Hong Kong leader Carrie Lam: Extradition bill is 'dead'

Hong Kong protest leaders opposed to the administration of Chief Executive Carrie Lam said Tuesday that they will continue their demonstrations, even after Lam declared the effort to amend a highly contentious extradition bill "dead".

She acknowledged "there are still lingering doubts as to the government's sincerity" over fully scrapping the bill and not resuming it at a later date.

The city has been plunged into its worst crisis in recent history following a month of huge marches as well as separate violent confrontations with police involving a minority of hardcore protesters.

Joshua Wong, who led the Umbrella Protests that brought the city to a standstill in 2014, dismissed Lam's comments on the bill's status as a "ridiculous lie", noting that unless the bill was withdrawn it would remain in the government's legislative programme until July next year.

The protesters are also calling for direct election of Hong Kong's leader.

Hong Kong Chief Executive Lam, who came under intense criticism at home and overseas, had put off plans to pass the controversial legislation and apologised but the protests continued, calling for its complete withdrawal and her resignation.

Anti-extradition bill protesters march to the West Kowloon Express Rail Link Station at Hong Kong's tourism district Tsim Sha Tsui on Sunday.

China has called the protests an "undisguised challenge" to the "one country, two systems" model under which Hong Kong has been ruled for 22 years since it was handed back to China.

But protesters were quick to pick up on Lam's use of language.

"So I make a very honest plea here in future if anyone in Hong Kong has any different views, especially those about Hong Kong government's policies, please continue to uphold the value of expressing it in a peaceful and orderly manner", she said. "Because right now, Carrie Lam, she only responds to the Chinese government", she said.

The controversial legislation would have allowed people in Hong Kong to be sent to China to face trial.
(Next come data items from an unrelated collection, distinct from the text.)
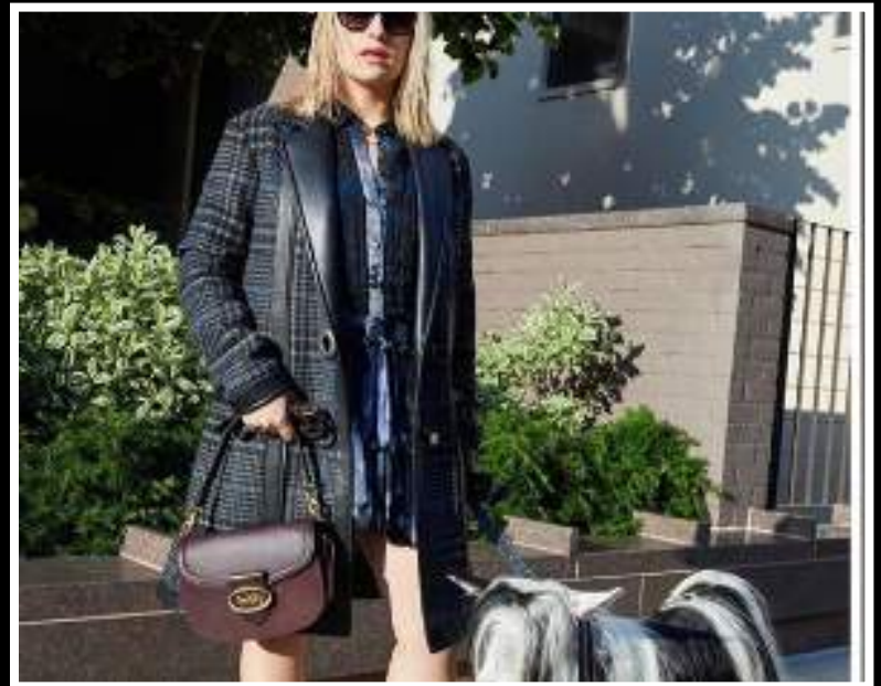
Coach F/W 2019 - Adv campaign.
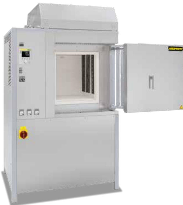
High-temperature furnace HTC 160/16

The high-temperature furnaces HTC 16/16 - HTC 450/16 are heated by vertically hung SiC rods, which makes them especially suitable for sintering processes up to a maximum operating temperature of 1550 °C. For some processes, e.g. for sintering zirconium oxide, the absence of interactivity between the charge and the SiC rods, these models are more suitable than the alternatives heated with molybdenum disilicide elements. The basic construction of these furnaces make them comparable with the already familiar models in the HT product line and they can be upgraded with the same additional equipment.
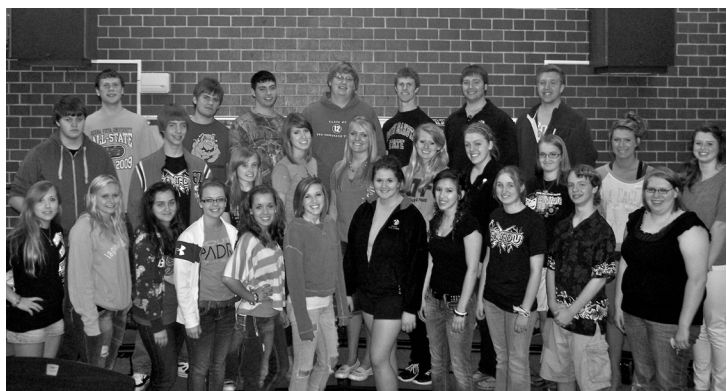
Above: Concert Choir Division I Recipients
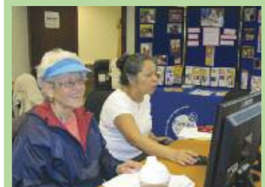
AGING WITH DIGNITY
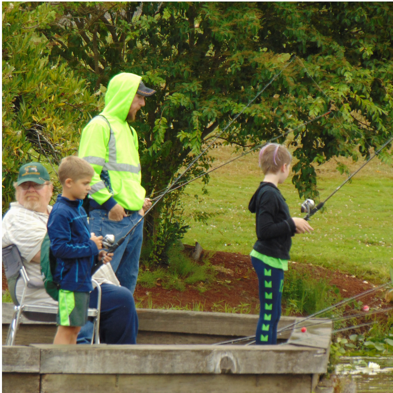
Kids Fish In Sponsored By: Rotary
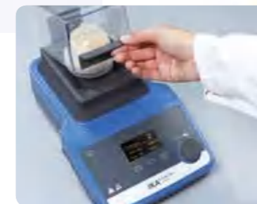
Step 5 | Remove the grinding chamber
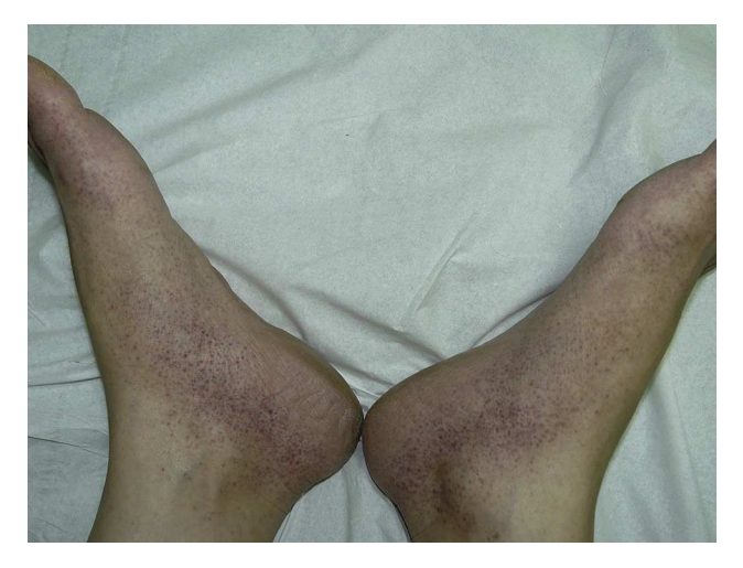
Figure 1 Purpuric exanthema with a sock-like appearance.

monoarthritis affecting the central axis of the body, and reported cervical pain, lower back pain, and hip pain. Twenty patients (40.8%) had fever, but their temperature generally remained under 38.5°C. Important diagnostic clues in our series included enlarged lymph nodes in the lateral cervical chains (3 cases), weakness or asthenia (3 cases), and swelling of the feet and hands (1 case).
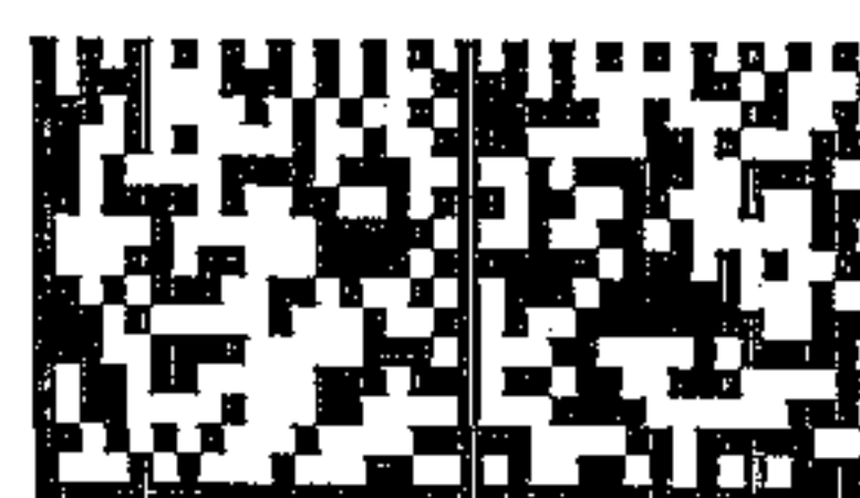
EXHIBIT "A" LEGAL DESCRIPTION
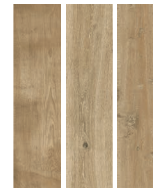
17LU03 Lumber LU03 Honey 6"x24" . 15x60 cm
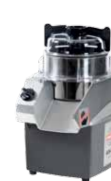
Vertical Cutter/Blender VCB-32

The VCB-32 is robustly built in an ergonomic user-friendly design with low weight and built in handles for easy mobility.
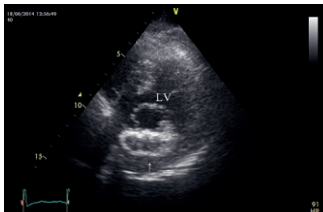
Figure 1. B

Figure 1. Echo-free space (arrow) in the posterior mitral annulus in the apical two-chamber view (A) and parasternal short-axis view (B). LA, Left atrium; LV, Left ventricle
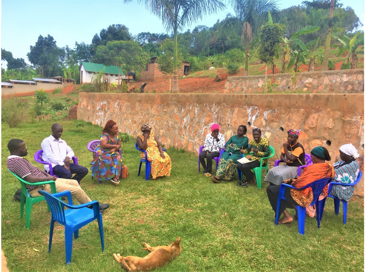
A seven member committee Team (Binkwatako Team) meeting
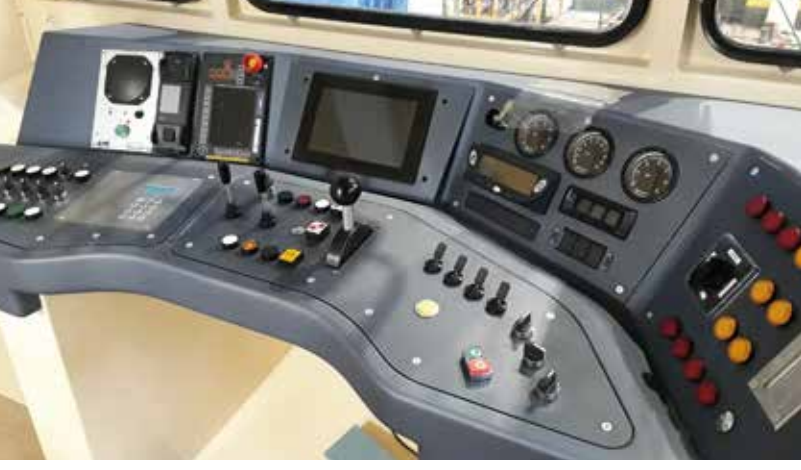
Control panel (1 dashboard per cabin)
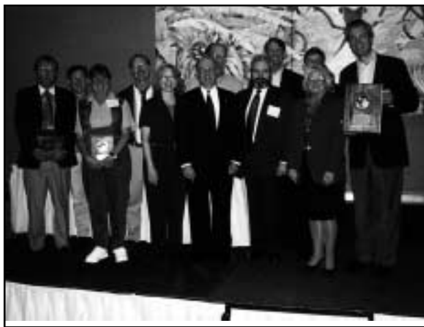
Shamrock Island Protection and Restoration Team

placement of a geotube breakwater. Virtually every aspect of this project—from the concept and design to permitting, construction, and even financing—was the result of innovative partnerships and cooperative efforts. Public interest in the fate of the island and in the success of the project was very high. To make things more challenging, the work had to be completed during the winter to avoid disturbing the birds during their spring nesting season. Daily oversight by team members resulted in the project being completed in record time and under budget.
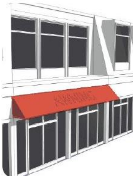
awning placement on storefront
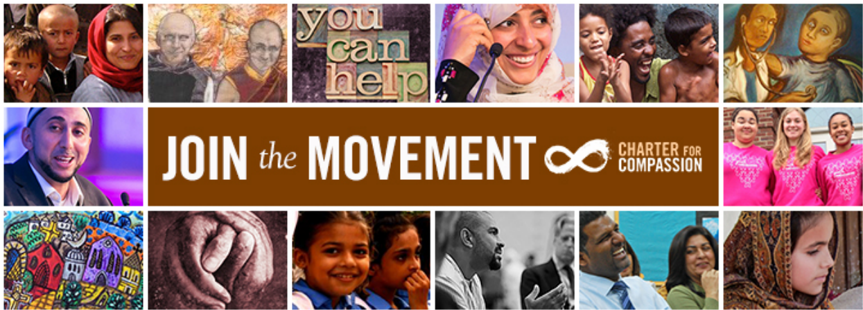
Donation page from website

In September, twelve of our lead volunteers and key partners came together for a retreat on Bainbridge Island, at their own expense, to explore how we could all serve the needs of the Charter more effectively. A conversation continues through an on-line program called SLACK: https://compassionit.slack.com/messages/_start_here/ .

The worldwide finance hub has been plunged into its worst crisis in recent history following a month of marches and sporadic violent confrontations with police involving a minority of hardcore protesters. The police came under fire for the way they dealt with protestors while former chief justice Andrew Li Kwok-nang backed the call for an inquiry into the clashes between security personnel and demonstrators, South China Morning Post reported. The measure fanned worries among the business community and the city's democracy advocates about the erosion of the "one country, two systems" framework set up before Hong Kong's return to China.

A rally was held earlier in the day to "reclaim" a park in Tuen Mun where so-called "dancing aunties" have sung Mandarin pop songs through loud microphones and danced for generally older men who give them cash donations.